Problem details.
Return, word for word, only the lines from the one containing "Discover the ultimate" through the last line of the entries.

Items from a dataset.
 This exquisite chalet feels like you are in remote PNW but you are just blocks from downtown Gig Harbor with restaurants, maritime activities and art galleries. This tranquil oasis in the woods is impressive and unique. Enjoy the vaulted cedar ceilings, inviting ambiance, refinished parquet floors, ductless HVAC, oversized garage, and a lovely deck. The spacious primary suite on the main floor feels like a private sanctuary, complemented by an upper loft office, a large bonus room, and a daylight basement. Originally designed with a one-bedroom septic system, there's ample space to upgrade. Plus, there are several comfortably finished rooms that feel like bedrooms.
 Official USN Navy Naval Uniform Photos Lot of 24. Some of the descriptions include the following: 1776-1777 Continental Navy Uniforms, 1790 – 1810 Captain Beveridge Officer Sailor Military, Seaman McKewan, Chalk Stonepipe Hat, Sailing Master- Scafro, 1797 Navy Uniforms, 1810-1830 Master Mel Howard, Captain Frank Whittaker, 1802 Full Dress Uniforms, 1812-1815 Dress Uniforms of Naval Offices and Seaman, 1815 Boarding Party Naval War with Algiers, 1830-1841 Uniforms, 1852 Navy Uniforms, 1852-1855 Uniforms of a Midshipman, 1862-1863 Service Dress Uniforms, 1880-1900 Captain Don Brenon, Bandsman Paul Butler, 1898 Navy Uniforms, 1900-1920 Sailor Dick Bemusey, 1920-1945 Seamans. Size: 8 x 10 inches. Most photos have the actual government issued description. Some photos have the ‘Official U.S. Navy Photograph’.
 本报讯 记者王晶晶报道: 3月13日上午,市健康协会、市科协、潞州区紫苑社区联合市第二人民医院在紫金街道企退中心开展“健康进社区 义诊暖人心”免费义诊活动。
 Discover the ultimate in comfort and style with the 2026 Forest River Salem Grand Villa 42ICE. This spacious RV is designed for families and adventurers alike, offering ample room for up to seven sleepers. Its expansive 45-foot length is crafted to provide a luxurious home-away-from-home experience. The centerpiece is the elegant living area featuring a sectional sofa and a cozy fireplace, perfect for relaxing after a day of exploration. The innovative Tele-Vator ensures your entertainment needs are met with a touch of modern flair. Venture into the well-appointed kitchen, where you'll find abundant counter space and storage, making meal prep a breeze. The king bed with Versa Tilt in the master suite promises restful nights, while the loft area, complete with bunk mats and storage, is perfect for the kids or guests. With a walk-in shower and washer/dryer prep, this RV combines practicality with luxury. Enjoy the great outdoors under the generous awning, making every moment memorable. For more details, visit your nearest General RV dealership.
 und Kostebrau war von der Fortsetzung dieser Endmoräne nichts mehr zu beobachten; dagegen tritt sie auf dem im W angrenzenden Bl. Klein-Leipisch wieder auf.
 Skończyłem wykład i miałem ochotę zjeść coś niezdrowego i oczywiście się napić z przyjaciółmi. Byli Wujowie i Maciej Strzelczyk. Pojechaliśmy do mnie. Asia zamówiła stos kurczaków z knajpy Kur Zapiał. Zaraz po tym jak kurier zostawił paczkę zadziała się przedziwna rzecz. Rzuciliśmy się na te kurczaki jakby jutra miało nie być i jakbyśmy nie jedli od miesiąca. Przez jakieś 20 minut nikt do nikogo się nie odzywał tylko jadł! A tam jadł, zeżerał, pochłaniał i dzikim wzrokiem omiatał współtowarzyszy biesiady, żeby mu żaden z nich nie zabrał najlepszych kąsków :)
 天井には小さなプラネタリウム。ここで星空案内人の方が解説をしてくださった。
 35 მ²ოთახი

Solution.
 Discover the ultimate in comfort and style with the 2026 Forest River Salem Grand Villa 42ICE. This spacious RV is designed for families and adventurers alike, offering ample room for up to seven sleepers. Its expansive 45-foot length is crafted to provide a luxurious home-away-from-home experience. The centerpiece is the elegant living area featuring a sectional sofa and a cozy fireplace, perfect for relaxing after a day of exploration. The innovative Tele-Vator ensures your entertainment needs are met with a touch of modern flair. Venture into the well-appointed kitchen, where you'll find abundant counter space and storage, making meal prep a breeze. The king bed with Versa Tilt in the master suite promises restful nights, while the loft area, complete with bunk mats and storage, is perfect for the kids or guests. With a walk-in shower and washer/dryer prep, this RV combines practicality with luxury. Enjoy the great outdoors under the generous awning, making every moment memorable. For more details, visit your nearest General RV dealership.
 und Kostebrau war von der Fortsetzung dieser Endmoräne nichts mehr zu beobachten; dagegen tritt sie auf dem im W angrenzenden Bl. Klein-Leipisch wieder auf.
 Skończyłem wykład i miałem ochotę zjeść coś niezdrowego i oczywiście się napić z przyjaciółmi. Byli Wujowie i Maciej Strzelczyk. Pojechaliśmy do mnie. Asia zamówiła stos kurczaków z knajpy Kur Zapiał. Zaraz po tym jak kurier zostawił paczkę zadziała się przedziwna rzecz. Rzuciliśmy się na te kurczaki jakby jutra miało nie być i jakbyśmy nie jedli od miesiąca. Przez jakieś 20 minut nikt do nikogo się nie odzywał tylko jadł! A tam jadł, zeżerał, pochłaniał i dzikim wzrokiem omiatał współtowarzyszy biesiady, żeby mu żaden z nich nie zabrał najlepszych kąsków :)
 天井には小さなプラネタリウム。ここで星空案内人の方が解説をしてくださった。
 35 მ²ოთახი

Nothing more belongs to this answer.